Decks expected to be cleared by month-end
KOCHI: The State government may seek legal opinion on the formation of Kerala Bank (the name to be finalized yet) before it could step out to expedite the processes that involve the merger of all 14 district cooperative banks (DCBs) and Kerala State Cooperative Bank (KSCB) to form a single banking monolith.
Talking to businessbenchmark,news, Kadakampally Surendran (seen in the picture) the Minister for Co-operation, Tourism and Devaswoms, said the government hopes the RBI approval will be in place by the month-end (September).
“I firmly believe the meeting of Board of Financial Supervision (BFS), an arm of RBI, to be held on September 26 will give the final go-ahead for the bank. We are of the view that we have responded to all RBI queries on the new banking venture satisfactorily,” Surendran said.
According to sources, RBI has sounded to the State government that it would be always better to be prudent on the legal framework before the real work on the bank takes off, so that any legal irritants could be preempted in time.
According to experts in the field, more than finding adequate capital or the latest IT system for the bank, the toughest job in hand for the government will be to find an answer to the daunting question on ‘so many branches and so many people’, an obvious question that follows any merger for that matter.

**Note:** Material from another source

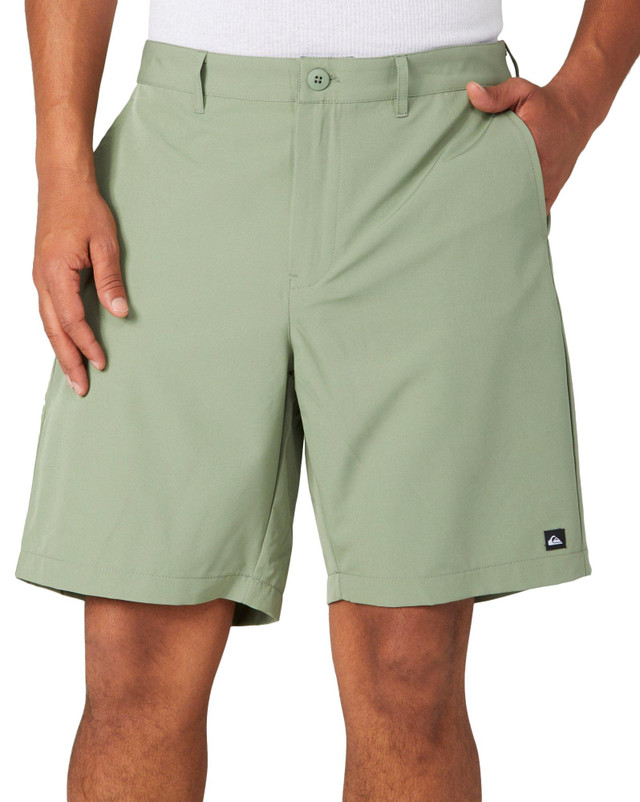 These union amphibian surf shorts feature anti-rash free stretch fabric, solid color design for easy matching, one button thru back pocket, one zip closure back pocket, hyper dry fast drying time, button-fly and zip closure, and regular fit. Outseam measures approximately 21 inches above the knee. Fabrication is 92% polyester, 8% elastane.

According to an estimate, around 850 branches and thousands of staff will be left at the disposal of the new bank management to be accommodated effectively and with political correctness – which will be a challenge of a tall order.
The government cannot afford to push one more institution to cross the red line on operational efficiency, but at the same time find an answer to how all these branches and staff can be saved from being redundant.
The Sriram Committee report on the new bank has hinted at the government’s exclusion from being a shareholder in the new format as its shareholding in the cooperative banking system will most likely be converted into debt in the new bank.
According to the plans, the Kerala Government will convert its equity of Rs474 crore into subordinate debt and keep itself away from the ownership structure of the new bank.
Given the extent of financial scams that make regular headlines in India of late, the Kerala Government’s laissez-faire approach towards the new venture will always be a positive, according to banking experts.
In essence, KCB should be a bank that represents the stake of as many cooperative institutions as possible and provides priority services to the co-operative sector. The committee has also recommended removing the category of individual shareholders and redeeming their share capital at each stage of the merger process.